Notes on Mineral Metabolism

The following is a transcription of the July 1959 issue of Dr. Royal Lee’s Applied Trophology newsletter, originally published by Standard Process Laboratories.

Also in this issue:

  • Butter
  • Nutritional Disturbances
  • Tip of the Month (Cramps)
  • High Points of Orchex

Notes on Mineral Metabolism

Mineral deficiencies are just as critical in modern diets as vitamin deficiencies. We have possibly heard a disproportionate review of vitamin deficiencies, as it is now apparent that in our whole pattern of modern foods the refining processes have robbed us just as much in the mineral aspect as in the vitamin phase.

First, let us consider table salt. We are warned today of the dangers of too much salt. Yes, we all know that too much sugar is bad. But we have not yet become properly aware that the reason they are both nutritionally bad is that both have been robbed by refining.

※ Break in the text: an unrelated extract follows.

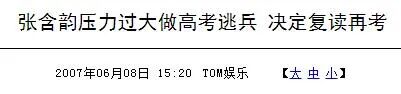 07年,张含韵原本应该参加高考,但因为准备不足,故而放弃。

Whole sea salt contains considerable magnesium, calcium, and potassium as well as sodium chloride. In the normal crystallization of evaporated seawater, the sodium chloride crystallizes first, and the salt crystals are then washed with fresh water before drying to get rid of the other salts, which are undesirable commercially (by reason of their hygroscopic nature).

Clinically speaking, the doctor is constantly confronted with patients suffering from serious deficiencies of these missing elements.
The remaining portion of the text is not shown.